*** Block opens ***

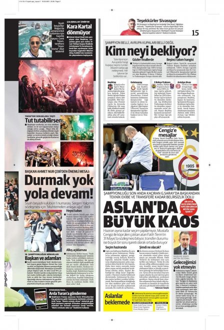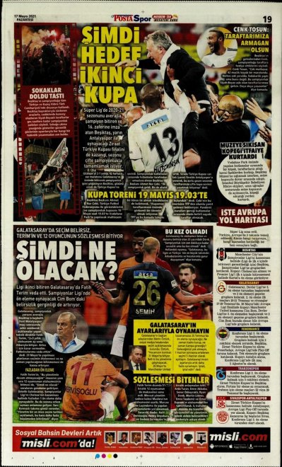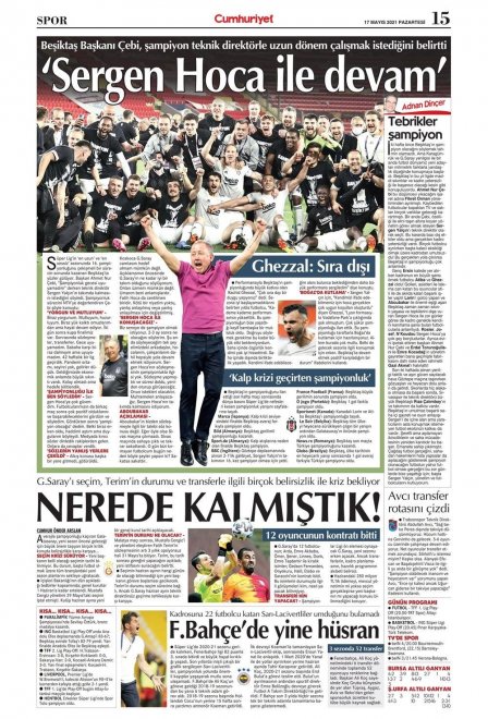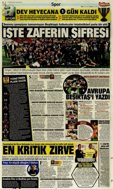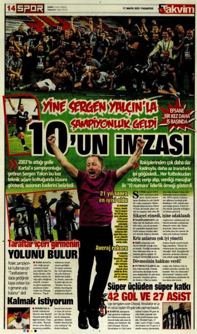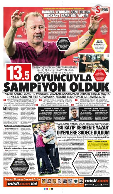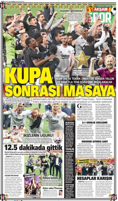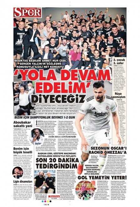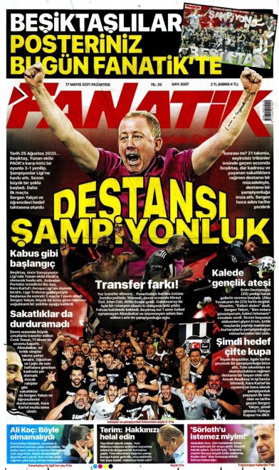 Gazetelerin spor sayfalarında Beşiktaş Teknik Direktörü Sergen Yalçın manşetlerde yer aldı. İşte 17 Mayıs Pazartesi Beşiktaş manşetleri:
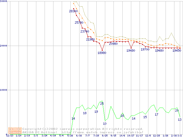 WD Caviar (7200rpm,UltraATA/100,2MB)の最安値推移
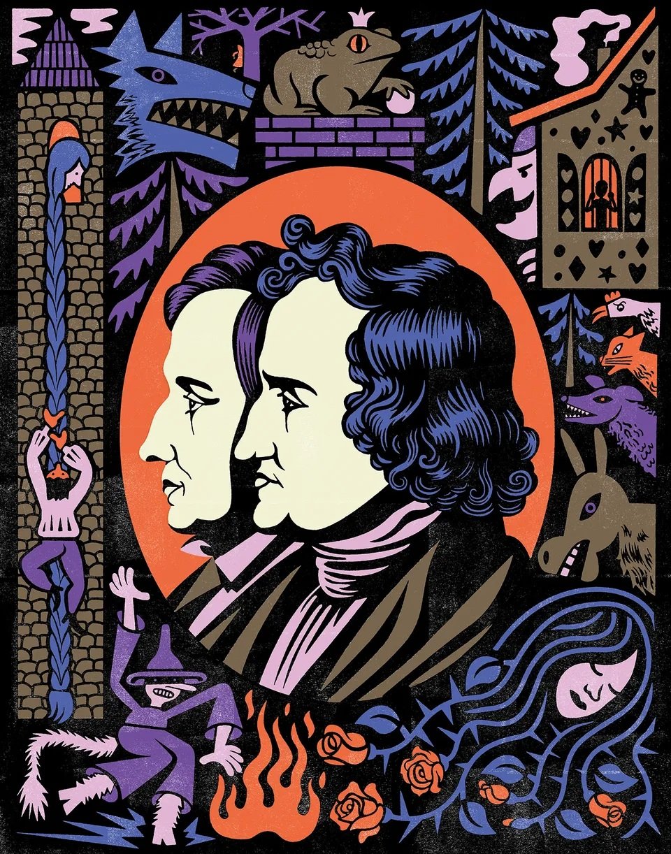 Na ishte njëherë një familje me mbiemrin Grimm, që bënte një jetë e cila ishte gjithçka tjetër, përveçse përrallë. Në shtetin gjerman të pyllëzuar të Hesenit, Filipi, një nëpunës qyteti, jetonte me gruan e tij, Dorotean, dhe fëmijët e tyre në një shtëpizë piktoreske. Pjesa e jashtme ishte një e kuqe e hapur tërheqëse dhe dyert ngjyrë kafe e çelët, si të ishin bërë prej biskote xhenxhefili. Dhoma e ndenjes ishte e veshur me letër muri me figura gjuetarësh, mbi fytyrat e të cilëve dy djemtë e mëdhenj, Jakobi dhe Vilhelmi (të lindur përkatësisht në 1785 dhe 1786), u vizatonin me pafajësi mjekra me laps. Shpejt, Filipi u gradua për të shërbyer si magjistrat i një qyteti aty pranë dhe familja Grimm u zhvendos në një shtëpi madhështore me shërbyese, kuzhinier dhe karrocier. Çdo Krishtlindje, familja zbukuronte një pemë me mollë, siç ishte zakoni gjerman. Në verë, fëmijët guxonin të futeshin në pyjet përreth për të mbledhur flutura dhe lule, të bindur se mund ta gjenin rrugën e kthimit për në shtëpi.
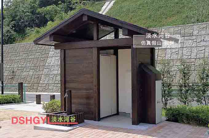 預制水泥仿木小屋制作的景區廁所大特點是美觀
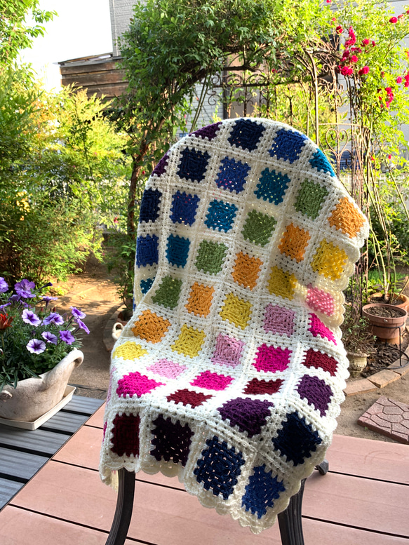 ウール100%の毛糸を多く使っています。 (サイズ) 66cmx96cm (重さ) 347g (材料) 薄いピンク(メリノウール100%) ブルー3色、ワインカラー、イエロー、オレンジ (ウール100%) 濃いピンク、パープル (スーパーウォッシュウール75%、ナイロン25%) 黄緑(アクリル100%) オフホワイト(アクリル70%,ウール30%) (お洗濯方法) 毛糸洗いの洗剤で手洗いして下さい。 |

*** Block closes ***

Work instructions: Reproduce word for word the lines from the line holding "預制水泥仿木小屋制作的景區廁所大特點是美觀" through the last line of the material above, inclusive, and keep pictures out of it.

Answer for this exercise:
 預制水泥仿木小屋制作的景區廁所大特點是美觀
 ウール100%の毛糸を多く使っています。 (サイズ) 66cmx96cm (重さ) 347g (材料) 薄いピンク(メリノウール100%) ブルー3色、ワインカラー、イエロー、オレンジ (ウール100%) 濃いピンク、パープル (スーパーウォッシュウール75%、ナイロン25%) 黄緑(アクリル100%) オフホワイト(アクリル70%,ウール30%) (お洗濯方法) 毛糸洗いの洗剤で手洗いして下さい。 |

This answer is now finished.